__EXERCISE__. Every record below needs to be written out exactly, apart from the pictures.

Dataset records

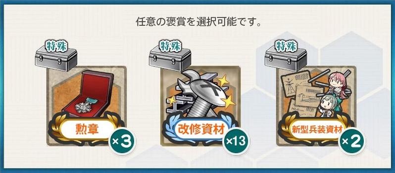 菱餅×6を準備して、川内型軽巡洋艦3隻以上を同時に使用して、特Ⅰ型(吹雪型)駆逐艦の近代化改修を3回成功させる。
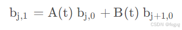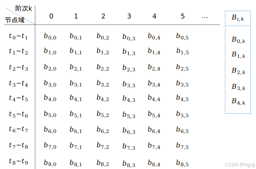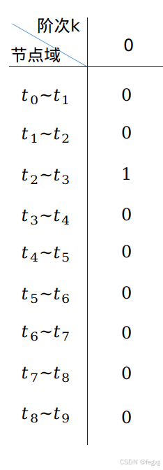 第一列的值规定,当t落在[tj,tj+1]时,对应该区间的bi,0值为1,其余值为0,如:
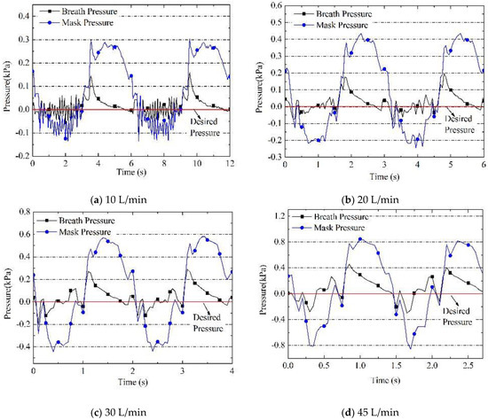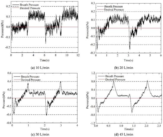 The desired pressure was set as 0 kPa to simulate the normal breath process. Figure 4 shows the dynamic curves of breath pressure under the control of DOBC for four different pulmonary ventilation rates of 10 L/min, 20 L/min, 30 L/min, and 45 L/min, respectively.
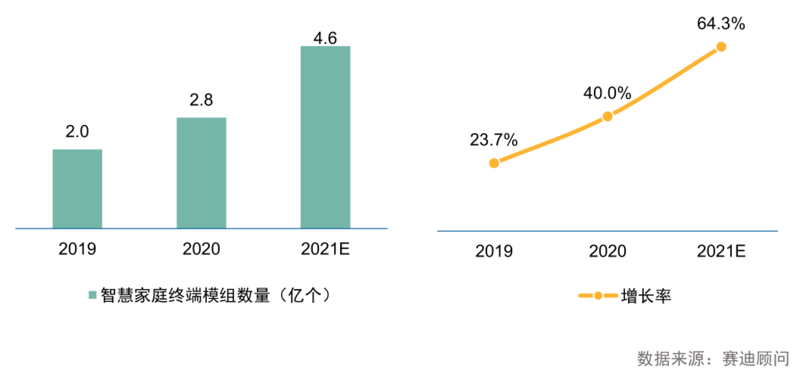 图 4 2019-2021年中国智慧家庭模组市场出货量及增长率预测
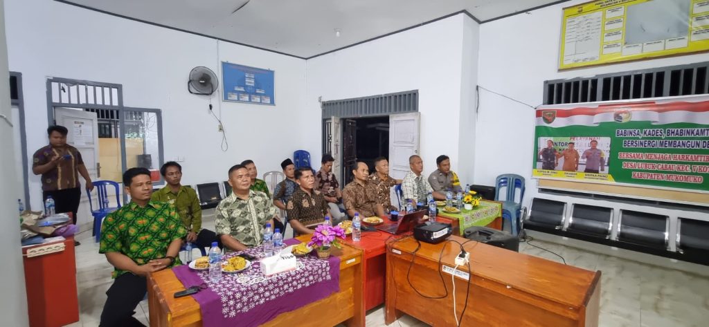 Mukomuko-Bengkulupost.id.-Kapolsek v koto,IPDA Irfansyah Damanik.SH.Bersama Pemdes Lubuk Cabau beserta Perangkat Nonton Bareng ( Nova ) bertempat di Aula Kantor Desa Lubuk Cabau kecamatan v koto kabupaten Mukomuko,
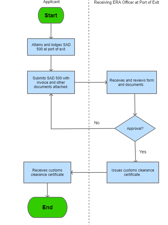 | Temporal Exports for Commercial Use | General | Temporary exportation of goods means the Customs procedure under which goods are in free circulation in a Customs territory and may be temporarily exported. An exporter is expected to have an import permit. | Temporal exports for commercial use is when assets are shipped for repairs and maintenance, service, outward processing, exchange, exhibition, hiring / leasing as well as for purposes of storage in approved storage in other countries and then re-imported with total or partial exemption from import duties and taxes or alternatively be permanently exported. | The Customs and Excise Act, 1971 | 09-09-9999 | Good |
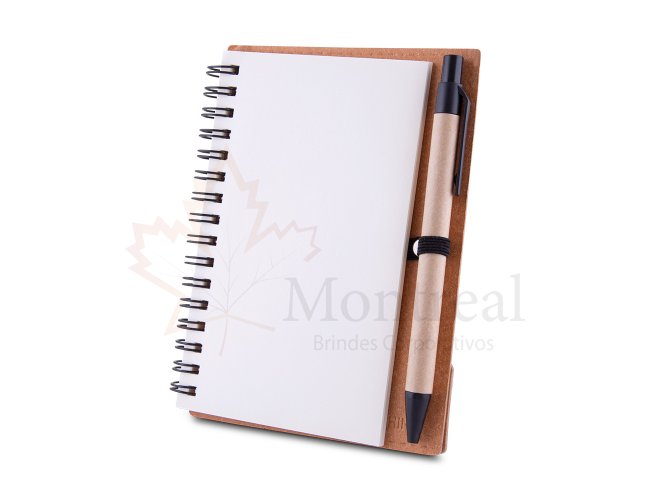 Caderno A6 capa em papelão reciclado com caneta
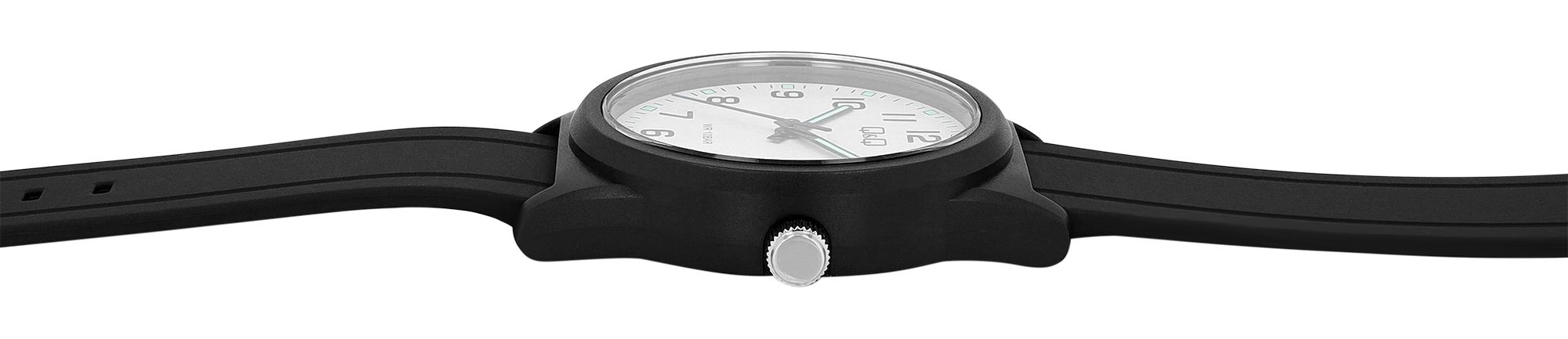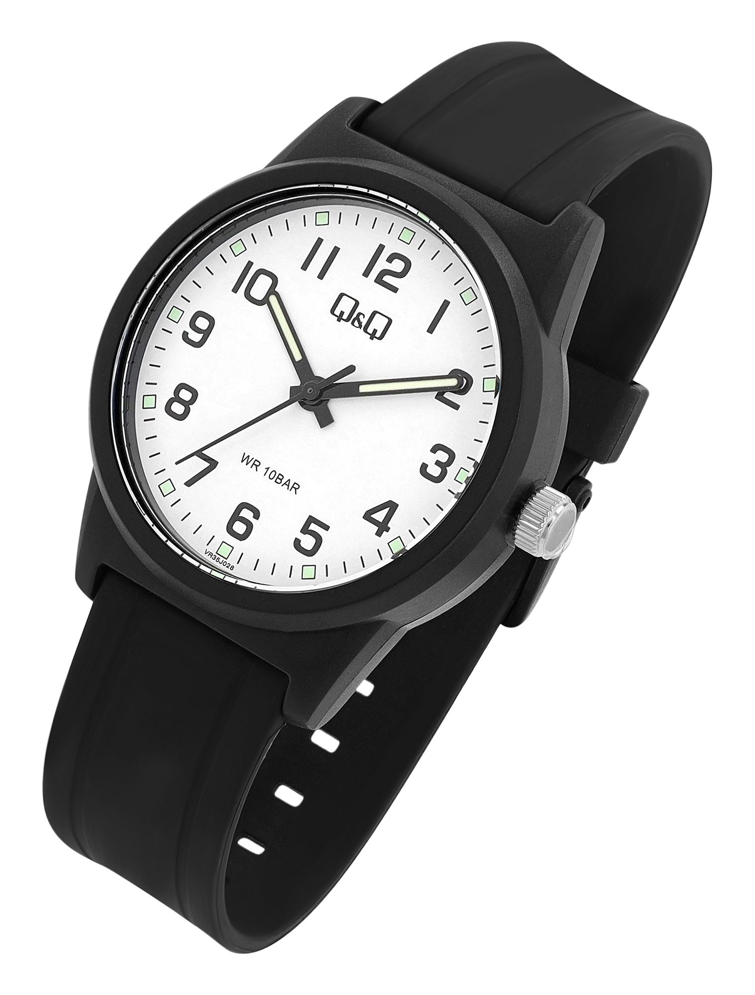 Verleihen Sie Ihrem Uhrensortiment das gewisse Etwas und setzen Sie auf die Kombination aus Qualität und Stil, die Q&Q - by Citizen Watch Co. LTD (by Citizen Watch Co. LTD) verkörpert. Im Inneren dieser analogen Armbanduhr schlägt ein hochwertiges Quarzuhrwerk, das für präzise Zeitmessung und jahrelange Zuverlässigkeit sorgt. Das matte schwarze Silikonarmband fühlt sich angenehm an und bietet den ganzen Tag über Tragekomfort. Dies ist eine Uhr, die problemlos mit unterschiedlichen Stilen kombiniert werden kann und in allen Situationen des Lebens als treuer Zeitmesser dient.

__OUTPUT OF THE TASK__.
 菱餅×6を準備して、川内型軽巡洋艦3隻以上を同時に使用して、特Ⅰ型(吹雪型)駆逐艦の近代化改修を3回成功させる。
 第一列的值规定,当t落在[tj,tj+1]时,对应该区间的bi,0值为1,其余值为0,如:
 The desired pressure was set as 0 kPa to simulate the normal breath process. Figure 4 shows the dynamic curves of breath pressure under the control of DOBC for four different pulmonary ventilation rates of 10 L/min, 20 L/min, 30 L/min, and 45 L/min, respectively.
 图 4 2019-2021年中国智慧家庭模组市场出货量及增长率预测
 Mukomuko-Bengkulupost.id.-Kapolsek v koto,IPDA Irfansyah Damanik.SH.Bersama Pemdes Lubuk Cabau beserta Perangkat Nonton Bareng ( Nova ) bertempat di Aula Kantor Desa Lubuk Cabau kecamatan v koto kabupaten Mukomuko,
 | Temporal Exports for Commercial Use | General | Temporary exportation of goods means the Customs procedure under which goods are in free circulation in a Customs territory and may be temporarily exported. An exporter is expected to have an import permit. | Temporal exports for commercial use is when assets are shipped for repairs and maintenance, service, outward processing, exchange, exhibition, hiring / leasing as well as for purposes of storage in approved storage in other countries and then re-imported with total or partial exemption from import duties and taxes or alternatively be permanently exported. | The Customs and Excise Act, 1971 | 09-09-9999 | Good |
 Caderno A6 capa em papelão reciclado com caneta
 Verleihen Sie Ihrem Uhrensortiment das gewisse Etwas und setzen Sie auf die Kombination aus Qualität und Stil, die Q&Q - by Citizen Watch Co. LTD (by Citizen Watch Co. LTD) verkörpert. Im Inneren dieser analogen Armbanduhr schlägt ein hochwertiges Quarzuhrwerk, das für präzise Zeitmessung und jahrelange Zuverlässigkeit sorgt. Das matte schwarze Silikonarmband fühlt sich angenehm an und bietet den ganzen Tag über Tragekomfort. Dies ist eine Uhr, die problemlos mit unterschiedlichen Stilen kombiniert werden kann und in allen Situationen des Lebens als treuer Zeitmesser dient.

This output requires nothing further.